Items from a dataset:
^^^^^^^^^^^^^^^^

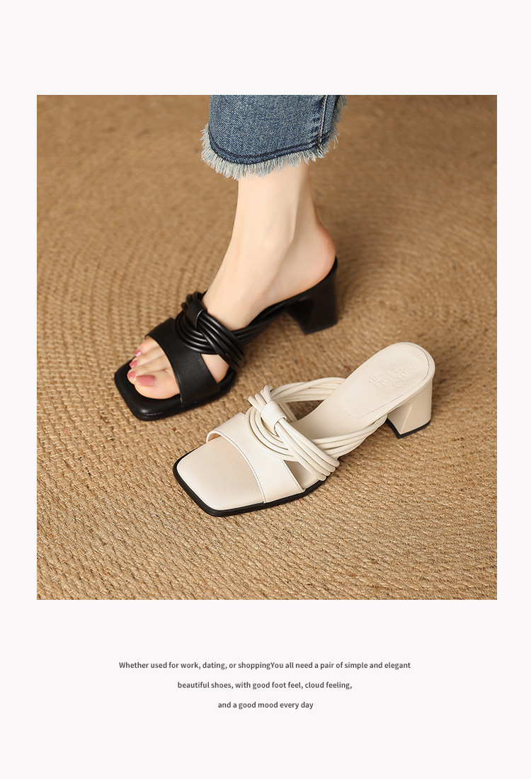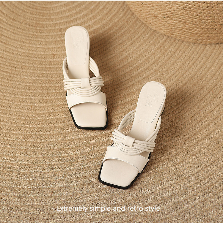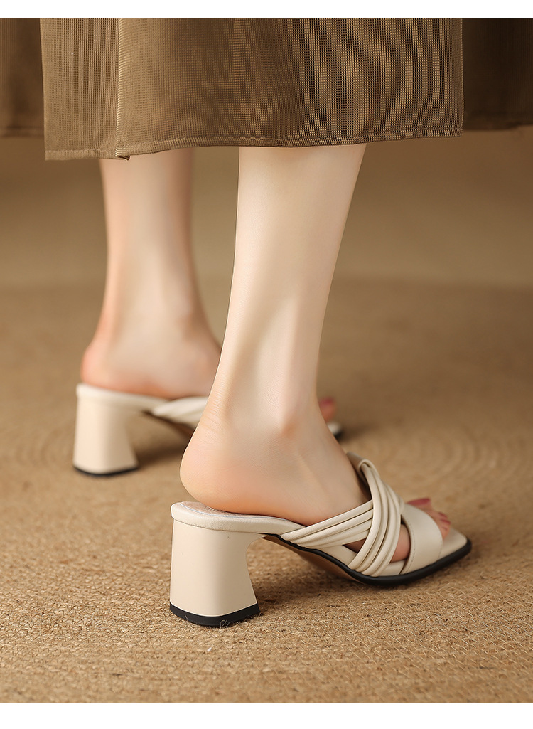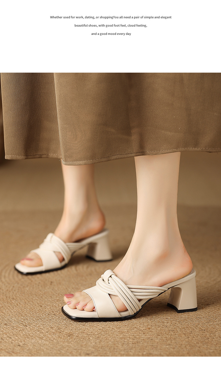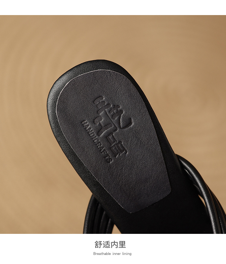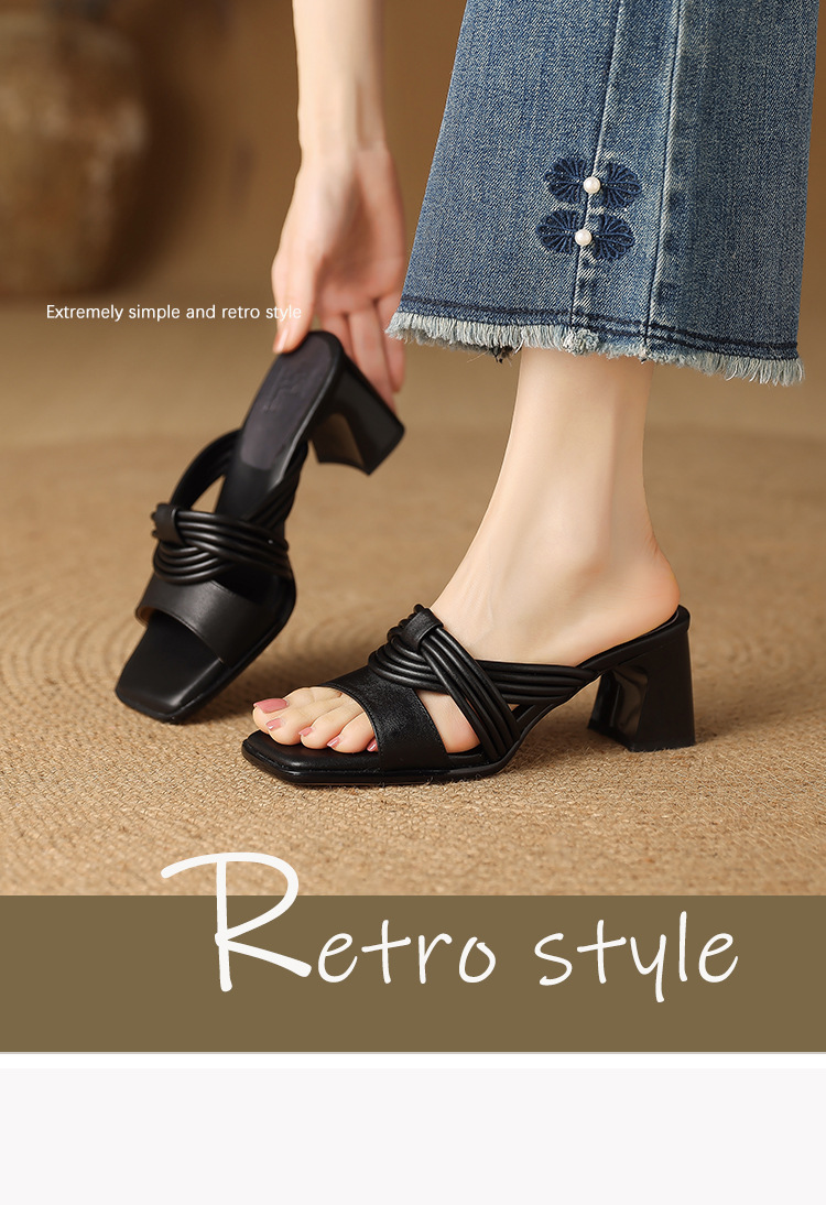 프렌치 레트로 정품 가죽 라운드 토 오픈 토 블록 힐 샌들 여자 2025 뉴 할로우 아웃 편안한 로마 신발 올 매치 샌들스토어 가기
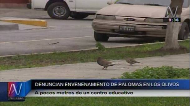Varias palomas aparecieron muertas en un parque ubicado a pocos metros del colegio San Martín de Porres, en el distrito de Los Olivos. Algunos vecinos consideran que las aves habrían sido envenenadas por desconocidos. Según comentaron, algunas palomas cayeron después de alzar vuelo y otras se desplomaban al estar caminando.
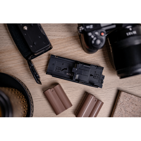 Battery Pack Newell MB-N14 to niezawodne wsparcie podczas długich dni zdjęciowych. Umożliwia montaż dwóch akumulatorów EN-EL15C (kompatybilny także z wersjami EN-EL15A/B), co znacząco wydłuża czas pracy aparatu. Grip obsługuje sekwencyjne zużycie energii – najpierw wyczerpuje akumulator z komory A, a dopiero potem przechodzi do komory B. Dzięki temu możesz wymienić pierwszy akumulator „na gorąco”, bez przerywania nagrywania czy fotografowania.
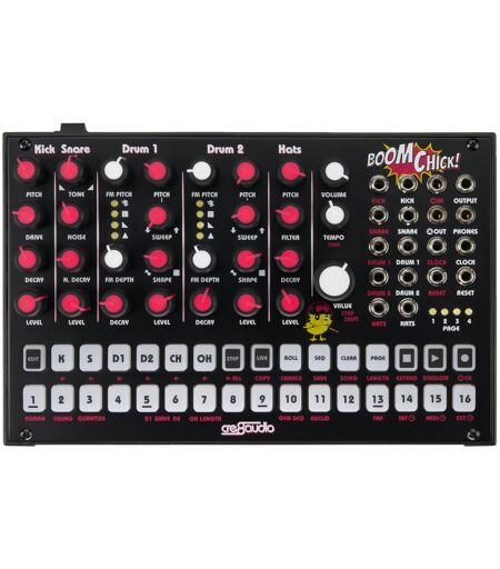 Cre8audio Boom Chick Desktop Drum Machine er et kraftverk av analog trommesyntese og intuitiv sequencing utviklet i samarbeid med Pittsburgh Modular. Boom Chick er bygget fra grunnen av for å levere taktil rå perkusjonskraft og blander håndlagde analoge kretser med en performance-klar sequencer som belønner utforskning og umiddelbarhet. Boom Chick er designet for elektroniske musikere produsenter og beatmakere som ønsker en slagkraftig analog tone med dyp rytmisk kontroll og har fem fyldige trommestemmer (kick snare hats og to multifunksjonelle kanaler) som alle styres av et strømlinjeformet grensesnitt med knotter per funksjon. Sequenceren tilbyr trinnvis redigering eller live fremføringsmodus med polyrytme swing sjanse og generative rytmeverktøy for endeløse grooves. Om du lager komplekse spor i studio eller skaper kaos på scene er Boom Chick bygget for seriøs beatskaping uten menydykking eller friksjon i arbeidsflyten. ...
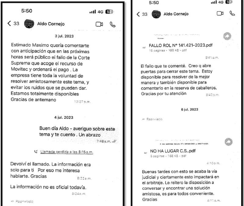 Con esa información, Lagos le habría pedido a Aldo Cornejo que también interviniera, para que le informara a Máximo Pacheco de los avances de la causa y así pudieran alcanzar un “acuerdo amistoso”.
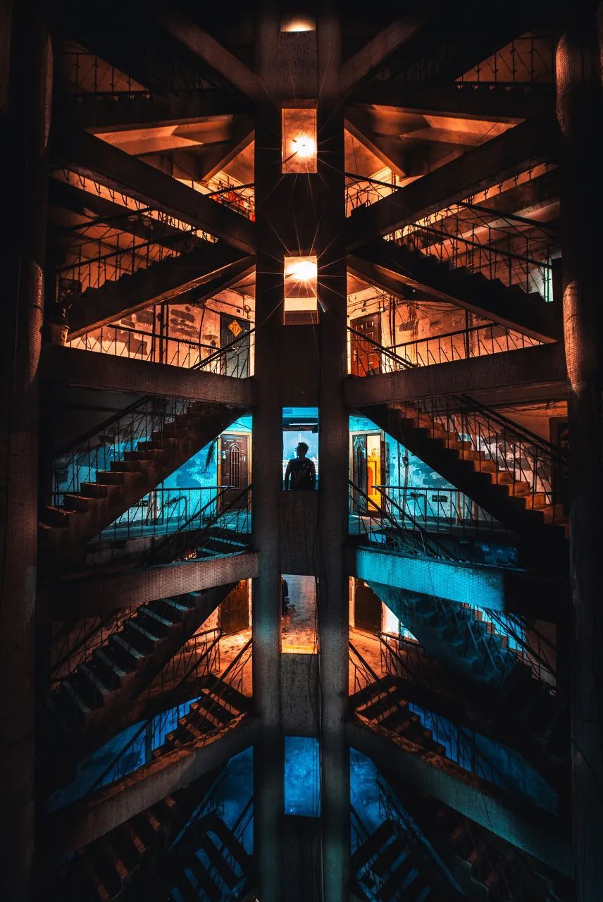 修建于七八十年代的老房子,两旁上下楼梯,中间一个天井,四周光线很暗,唯有中间一抹光,因此呈现出魔幻般的效果。
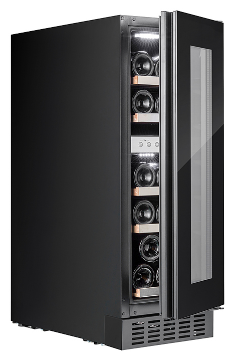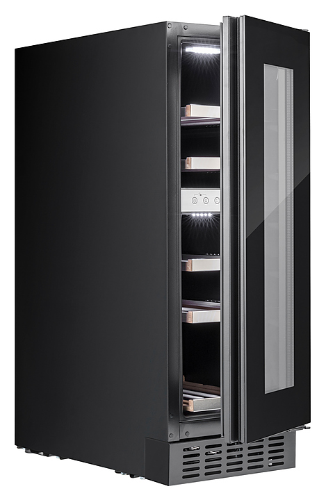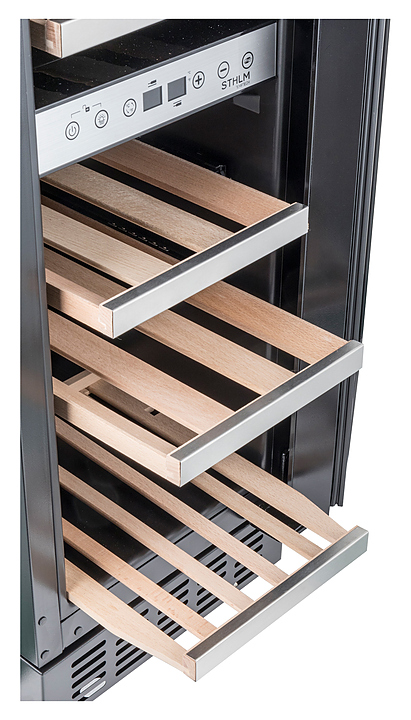 Винный шкаф Temptech STHLM STX30DRB предназначен для охлаждения, хранения и демонстрации бутилированного вина в отелях, винных магазинах, на предприятиях общественного питания и торговли. Модель оснащена сенсорной панелью с дисплеем для регулировки температуры и освещения, 5 выдвижными полками, дверцей со встроенной ручкой и белой светодиодной подсветкой. Дверца выполнена из трехслойного стекла с защитой от УФ-лучей, передняя панель - из черного стекла, полки - из необработанного бука с деталями из нержавеющей стали. Особенности:
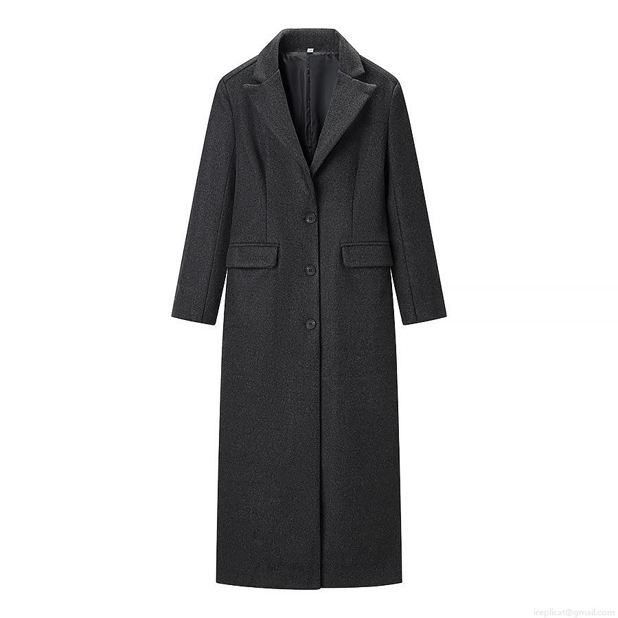 Women's Elegant Long Woolen Coat Charcoal Grey Single Breasted Lapel Overcoat Slim Fit Warm British Style Winter Outerwear Fashion Trench Coat for Ladies
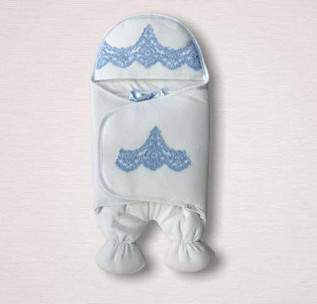 Omarı Lüks Yenidoğan Mavi Bebek Battaniyesi

^^^^^^^^^^^^^^^^

From the line that contains "Women's Elegant Long" to the last line of the data above, inclusive, transcribe every line exactly and only those lines, omitting pictures.

 Women's Elegant Long Woolen Coat Charcoal Grey Single Breasted Lapel Overcoat Slim Fit Warm British Style Winter Outerwear Fashion Trench Coat for Ladies
 Omarı Lüks Yenidoğan Mavi Bebek Battaniyesi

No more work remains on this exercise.